2. NumPy used for numerical computing, opotimized for working with single and multi-dimensional arrays. Used ndarrays. contains many [routines](https://numpy.org/doc/stable/reference/routines.statistics.html) for statistical analysis
3. SciPy used for scientific computing based on Numpy. Contains a scipy.stats for statistical analysis
4. pandas numerical computing based on NumPy. Uses Series for 1D data and DataFrame objects for 2D data
5. Matplotlib used for data visualization. Works well with NumPy, SciPy and pandas

The code below will focus on using NumPy for Array Programming. It follows this [tutorial](https://realpython.com/numpy-array-programming/) from realpython.com

## Intro to NumPy Arrays

There are three concepts that lend NumPy it's power:
1. Vectorization
2. Broadcasting
3. Indexing

## Getting into Shape: Intro to NumPy Arrays

The fundamental object of NumPy is the ndarray(numpy.array)

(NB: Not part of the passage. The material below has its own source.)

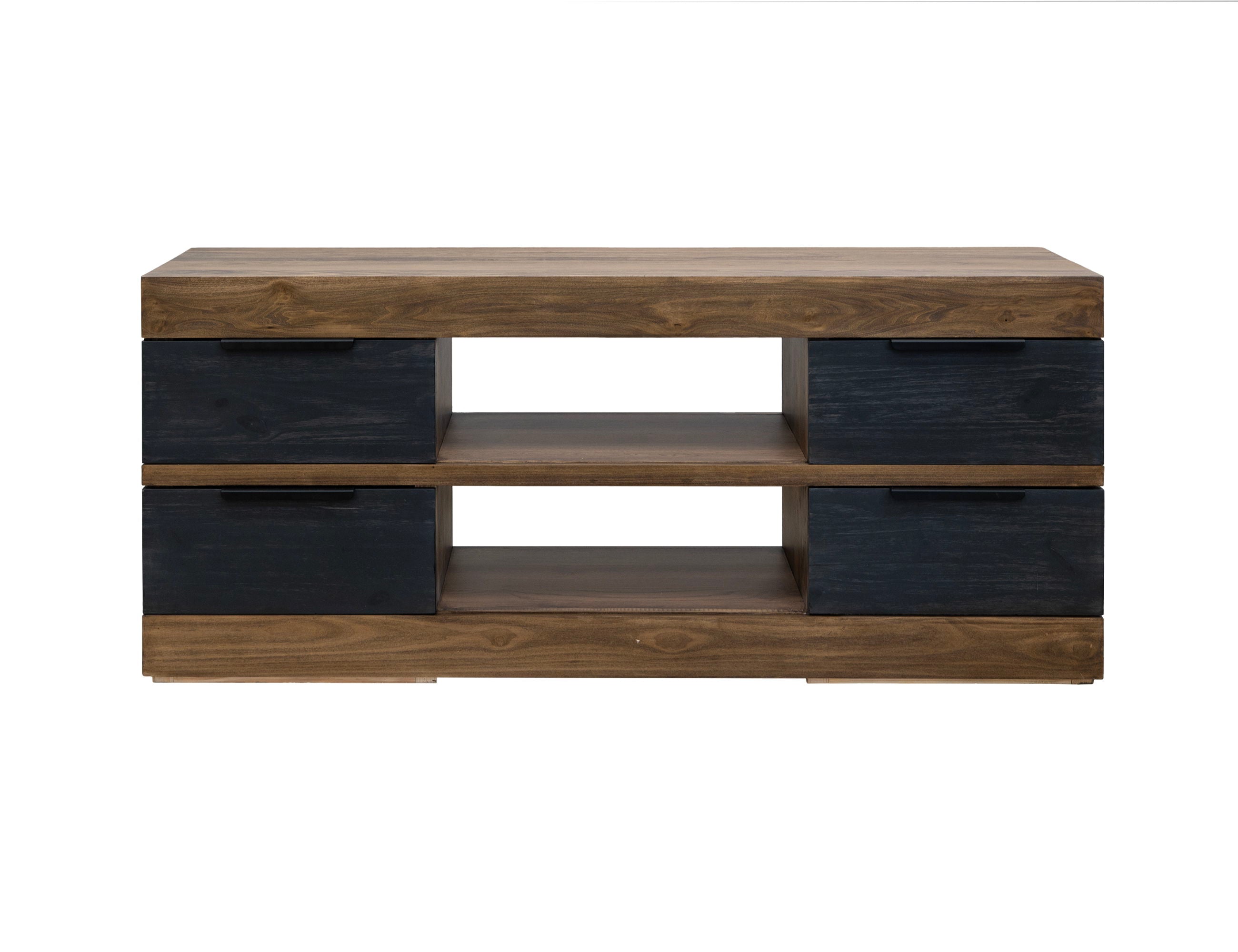 4 Drawer TV Stand. If you're in search of a timeless and elegant piece of furniture, look no further than the Tuxedo collection. Crafted by our skilled artisans from solid, lightly distressed wood, this bicolor collection is destined to be the focal point of any room.

Below is code to generate a d 3-dimensional array with 36 elements

In [62]:
from statistics import mean
import numpy as np
#from timeit import timeit

# a 2 by 4 by 3 array
arr = np.arange(36).reshape(3, 4, 3) # a container with three 3x4grids
arr

array([[[ 0,  1,  2],
        [ 3,  4,  5],
        [ 6,  7,  8],
        [ 9, 10, 11]],

       [[12, 13, 14],
        [15, 16, 17],
        [18, 19, 20],
        [21, 22, 23]],

       [[24, 25, 26],
        [27, 28, 29],
        [30, 31, 32],
        [33, 34, 35]]])

In [63]:
# the shape 
arr.shape

(3, 4, 3)

## What is Vectorization

Vectorization is expressing operations as occurring on entire arrays rather than on the individual elements within the array.  Vectorization replaces explicit loops in code

### Counting: Easy as 1, 2, 3
Example: Suppose you have a 1-D vector of boolean values for which you want to count the number of False to True transitions. Using for loops you could write a function

In [64]:
# First get random data
np.random.seed(444)
x = np.random.choice([False, True], size=100000)


In [81]:
def count_transitions(x):
    counter = 0
    
    for i in range(0, len(x)-1, 1):
        #print(f'i={i} and i+1={i+1}')
        if x[i] > x[i+1]:
            counter += 1
    return counter

c = count_transitions(x)
c

24984

In vectorized form this could be written as shown in the next cell.

In [82]:
np.count_nonzero(x[:-1] < x[1:])

24984

When compared to the count_transitions function the vectorized version is much quicker. Note the %timeit is known as python magic function. the -o notation allows the result of the magic function to be stored in a variable

In [83]:
t1 = %timeit -o count_transitions(x)

56.7 ms ± 111 µs per loop (mean ± std. dev. of 7 runs, 10 loops each)


In [84]:
t2 = %timeit -o np.count_nonzero(x[:-1] < x[1:])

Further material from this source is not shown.